Backup and Restore Script with Rotation and Verification Prompt
Build a self-contained backup script that produces consistent, verified, rotated backups and a tested restore path — checksums, retention (GFS), encryption, and a restore drill so backups are provably recoverable.
- Target user
- SysAdmins and SREs who need backups they can actually restore from
- Difficulty
- Advanced
- Tools
- Claude, ChatGPT
The prompt
You are a senior backup engineer whose rule is: an untested backup is not a backup, it's a hope. I will provide: - What to back up (files, database, volume) and where it lives - The destination (local disk, NFS, S3-compatible object store) - RPO/RTO targets and retention requirements Your job: 1. **Consistency first** — capture a consistent snapshot, not a live-moving target. For databases use the native dump tool (`pg_dump`/`mysqldump --single-transaction`) or a filesystem snapshot + quiesce; for files use `rsync --link-dest` or `tar` with a snapshot. Explain the consistency mechanism chosen. 2. **Backup creation** — write to a temp name, then atomically rename on success so a partial backup is never mistaken for complete. Compress (`zstd`/`gzip`) and stream where possible to avoid 2x disk. 3. **Integrity verification** — generate a checksum (`sha256sum`) of every artifact and store it alongside. Immediately verify by reading the file back and recomputing.
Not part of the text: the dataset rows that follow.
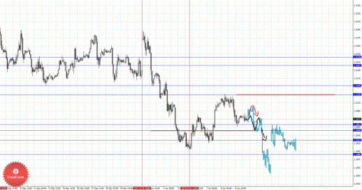 Уважаемые трейдеры, в своем аналитическом обзоре я рассматриваю развитие структуры по определенной валютной паре на предстоящую торговую сессию. После прочтения данного материала вы должны наиболее четко и понятно представлять возможные перспективы развития валют. В данном методе анализа, для наиболее простого изложения своего подхода к рынку, я использую стандартные термины технического анализа, такие как уровни поддержки и сопротивления, однако сам метод основан на свойствах фрактальной функции и несет в себе глубокий смысл понимания развития текущей и будущей ситуации. Все свои расчеты я выполняю от начальных условий развития цикла. Черной стрелкой указано направление движение цены от текущих начальных условий. Красной стрелкой показано альтернативное движение, в случае пробоя ключевых уровней для отмены развития восходящего/нисходящего цикла. Пунктирными стрелками я указываю продолжение движения. Как правило, красной стрелкой я указываю корректировочное движение и краткосрочный выход за уровень. Убедительная просьба: не используйте только одни изображения, изучите текст, чтобы понять последовательность развития того или иного события. Также прошу учесть, что для более ясного понимания изложенного здесь материала, необходимо ознакомиться с фрактальным анализом, так вы сможете понимать то, что здесь написано и как это можно использовать в своей торговой системе.
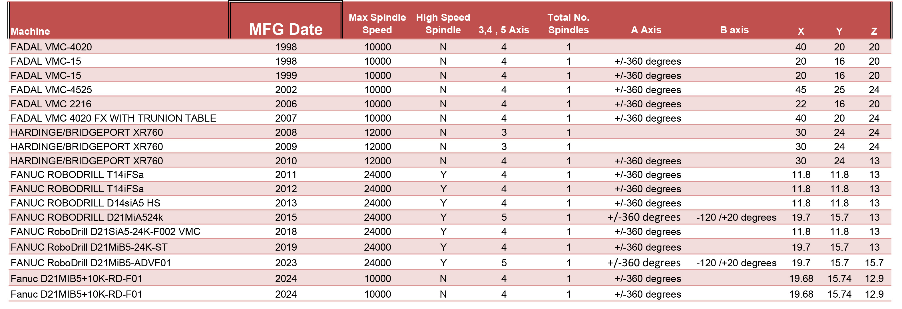 Milling Machine List
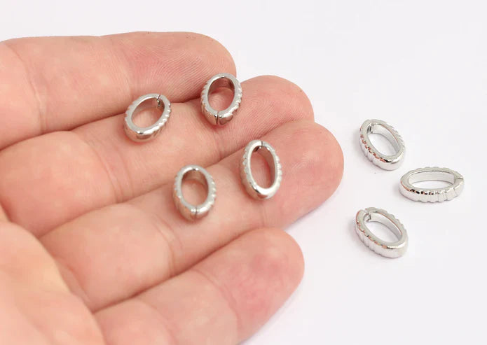 Silver Color Rhodium Plated Bracelet, Necklace Oval Clip with Stripe on it, Oval Clip. Dimensions: 9x13mm Price is for 5 Pieces. Rhodium plated on brass. A Quality product, resistant to rust and tarnishing. Do not contact with chemicals and perfumes for long-term use. Passed all tests, does not contain harmful materials. Colors may vary depending on screen settings and ambient light.
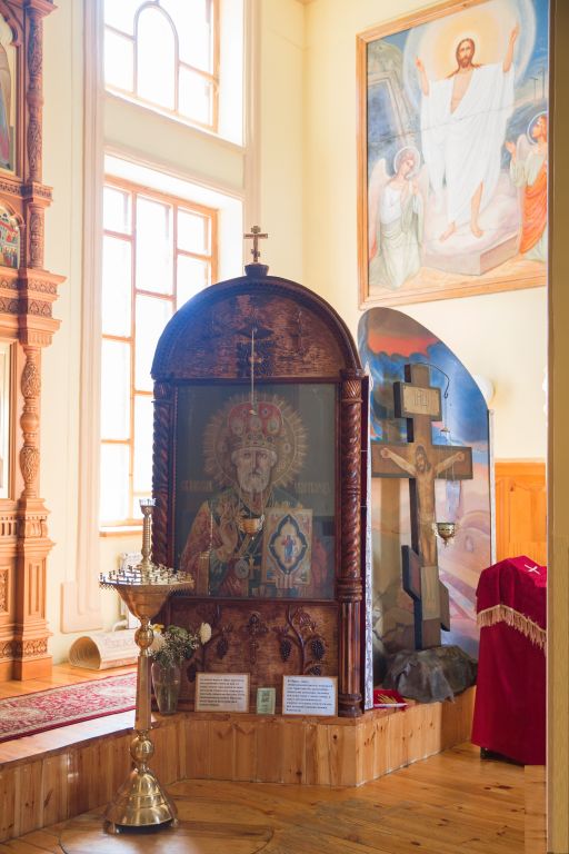 Престол: во имя святителя Николая, архиепископа Мир Ликийских, чудотворца, освящен 22 мая 2013 года Преосвященнейшим Амфилохием, епископом Усть-Каменогорским и Семипалатинским.
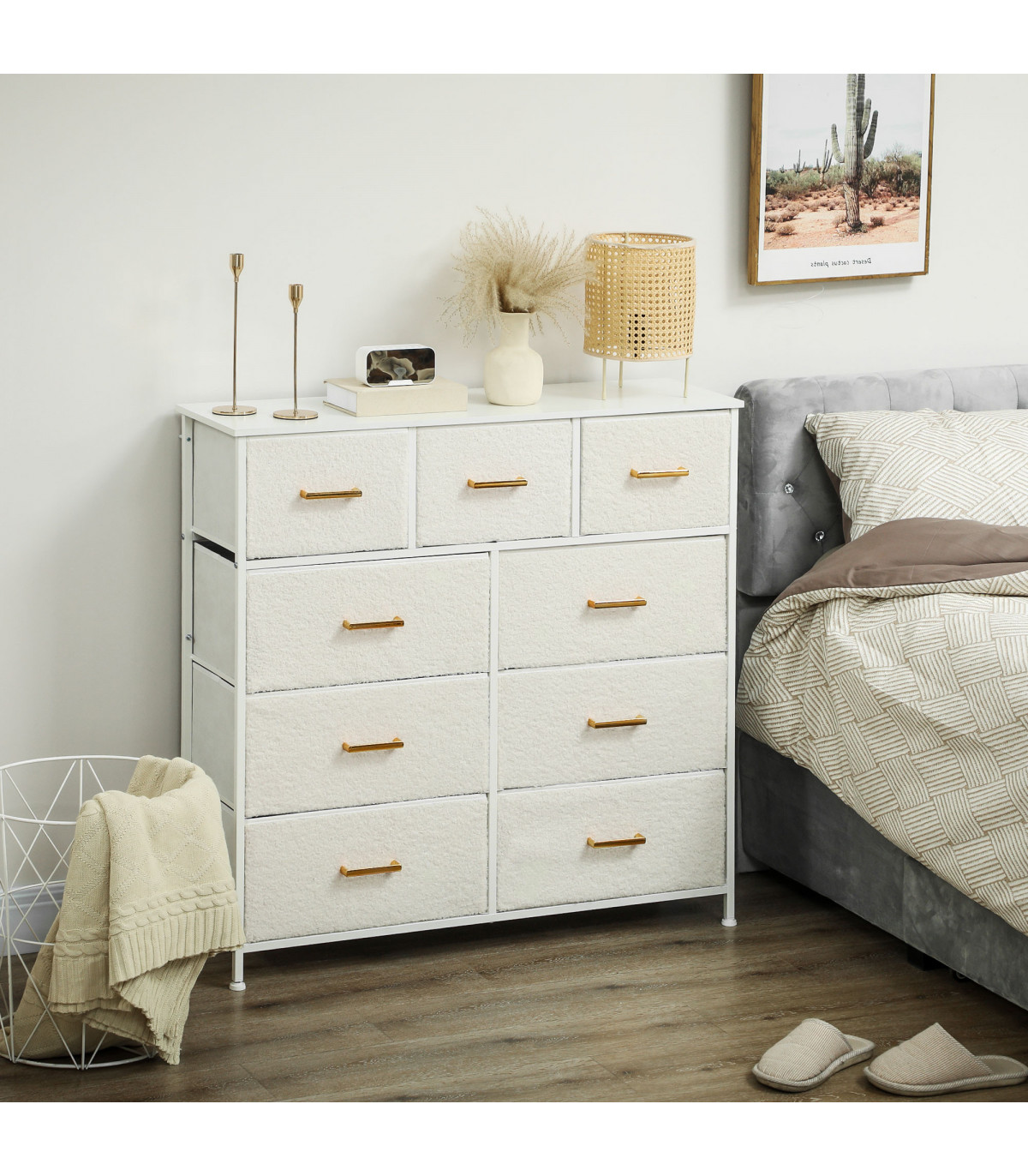 Introducing this stylish cream white storage unit, designed with boucle fabric drawers and elegant gold-tone handles, adding a chic touch to any interior. With nine spacious drawers, this unit offers versatile storage options for various items, making it ideal for living rooms, bedrooms, and entryways.

For archives, run `tar -tzf` / `zstd -t` to confirm the archive is structurally valid before declaring success. 4. **Encryption** — encrypt at rest (`gpg` or `age`) when leaving the host; keep the key OUT of the script (env/secret store). Note that the restore must have the key. 5. **Rotation / retention** — implement Grandfather-Father-Son (keep N daily, M weekly, K monthly) rather than naive "delete older than X". Prune only AFTER a new backup verifies successfully, never before. Use a manifest, not just glob-by-mtime. 6. **Restore path** — provide a matching `restore` subcommand that: lists available backups, verifies checksum before restoring, restores to a STAGING location by default (never clobber prod), and prints the promote step. Restore must be idempotent. 7. **Restore drill** — include a `--verify-restore` mode that restores the latest backup to a throwaway location and runs a smoke check (row count, file count, app health) to prove recoverability. Recommend running it on a schedule. 8. **Observability** — exit codes per failure class, a one-line summary (size, duration, items, checksum), and a hook to emit metrics/alert on failure or on "no successful backup in N hours". Output: (a) the full backup+restore script with subcommands, (b) the retention policy in plain English, (c) the restore-drill snippet, (d) a runbook: how to do a real restore under pressure. Bias toward: verified-before-prune, restore-to-staging by default, and proving recoverability rather than assuming it.